Entries taken from a collection:
========================================

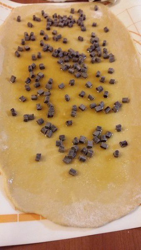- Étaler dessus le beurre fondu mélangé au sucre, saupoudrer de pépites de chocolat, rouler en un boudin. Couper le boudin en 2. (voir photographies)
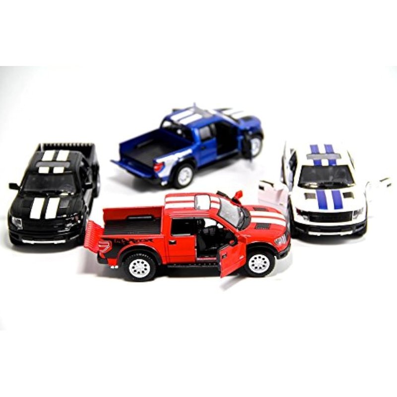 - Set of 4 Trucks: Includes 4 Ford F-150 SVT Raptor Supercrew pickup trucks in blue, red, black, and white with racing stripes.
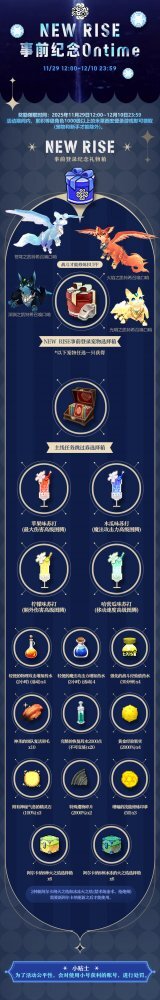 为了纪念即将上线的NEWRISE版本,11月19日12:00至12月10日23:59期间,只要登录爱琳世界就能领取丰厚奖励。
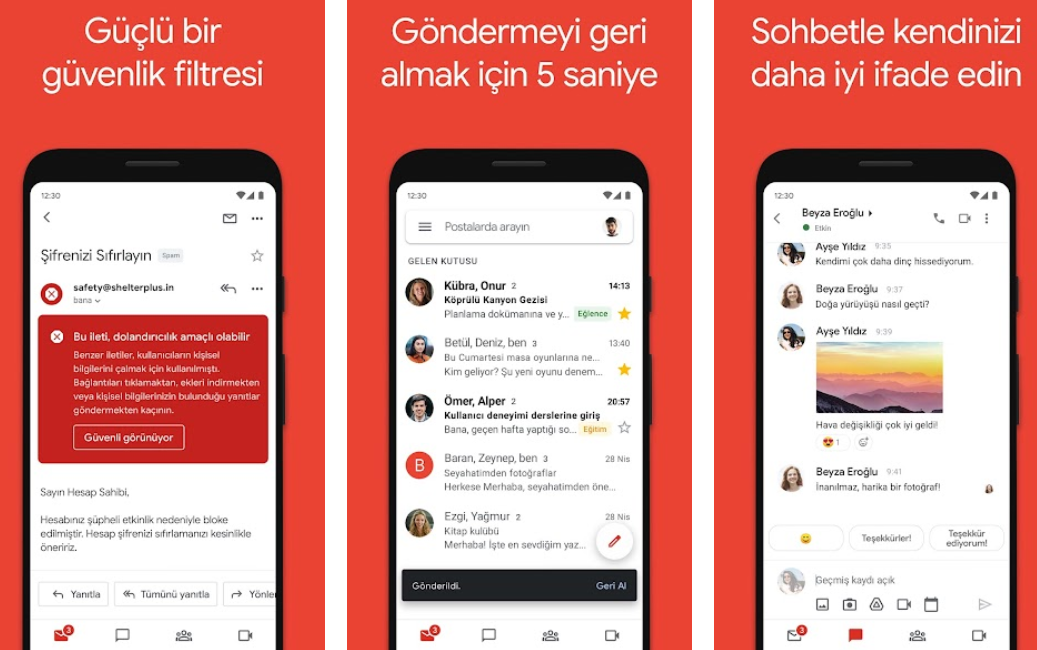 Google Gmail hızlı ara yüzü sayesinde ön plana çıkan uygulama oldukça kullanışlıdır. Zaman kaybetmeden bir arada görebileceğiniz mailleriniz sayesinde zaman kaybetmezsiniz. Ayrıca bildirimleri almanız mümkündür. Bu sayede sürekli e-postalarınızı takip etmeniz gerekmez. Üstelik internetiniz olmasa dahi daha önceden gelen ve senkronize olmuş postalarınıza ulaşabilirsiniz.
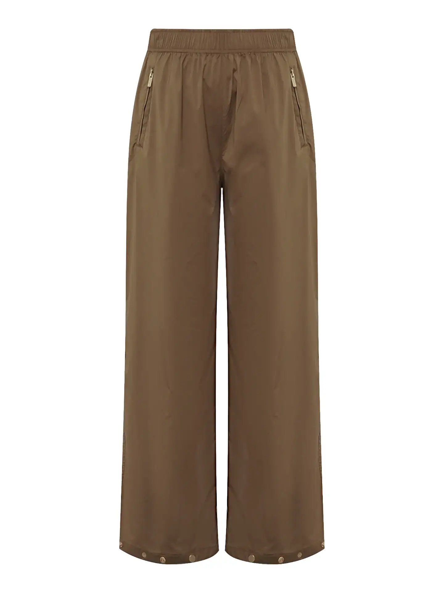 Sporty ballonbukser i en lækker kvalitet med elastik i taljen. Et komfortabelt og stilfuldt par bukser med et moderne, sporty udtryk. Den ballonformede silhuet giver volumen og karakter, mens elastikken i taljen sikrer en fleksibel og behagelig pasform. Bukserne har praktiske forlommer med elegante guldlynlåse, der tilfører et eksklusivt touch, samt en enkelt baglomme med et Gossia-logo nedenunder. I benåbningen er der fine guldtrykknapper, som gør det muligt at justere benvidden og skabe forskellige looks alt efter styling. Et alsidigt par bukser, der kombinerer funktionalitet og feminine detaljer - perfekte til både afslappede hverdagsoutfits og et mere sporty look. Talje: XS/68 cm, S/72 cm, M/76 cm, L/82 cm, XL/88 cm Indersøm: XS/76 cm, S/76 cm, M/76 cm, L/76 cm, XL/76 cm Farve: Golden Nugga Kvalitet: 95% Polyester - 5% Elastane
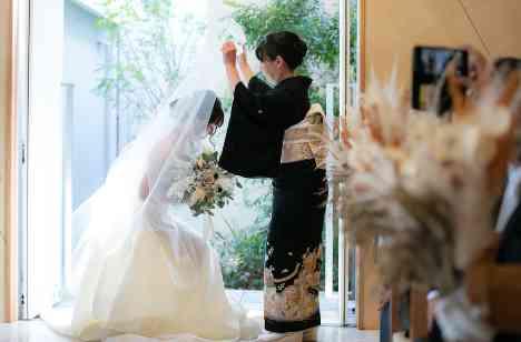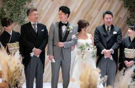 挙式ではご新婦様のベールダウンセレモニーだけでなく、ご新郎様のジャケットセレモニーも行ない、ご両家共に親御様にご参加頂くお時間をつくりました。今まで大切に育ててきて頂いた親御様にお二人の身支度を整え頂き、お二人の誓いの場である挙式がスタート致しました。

========================================

§ **Activity**: Both ends included, copy word for word the lines from the top of the entries above through the line with "为了纪念即将上线的NEWRI". No pictures.

§ **Result**:
- Étaler dessus le beurre fondu mélangé au sucre, saupoudrer de pépites de chocolat, rouler en un boudin. Couper le boudin en 2. (voir photographies)
 - Set of 4 Trucks: Includes 4 Ford F-150 SVT Raptor Supercrew pickup trucks in blue, red, black, and white with racing stripes.
 为了纪念即将上线的NEWRISE版本,11月19日12:00至12月10日23:59期间,只要登录爱琳世界就能领取丰厚奖励。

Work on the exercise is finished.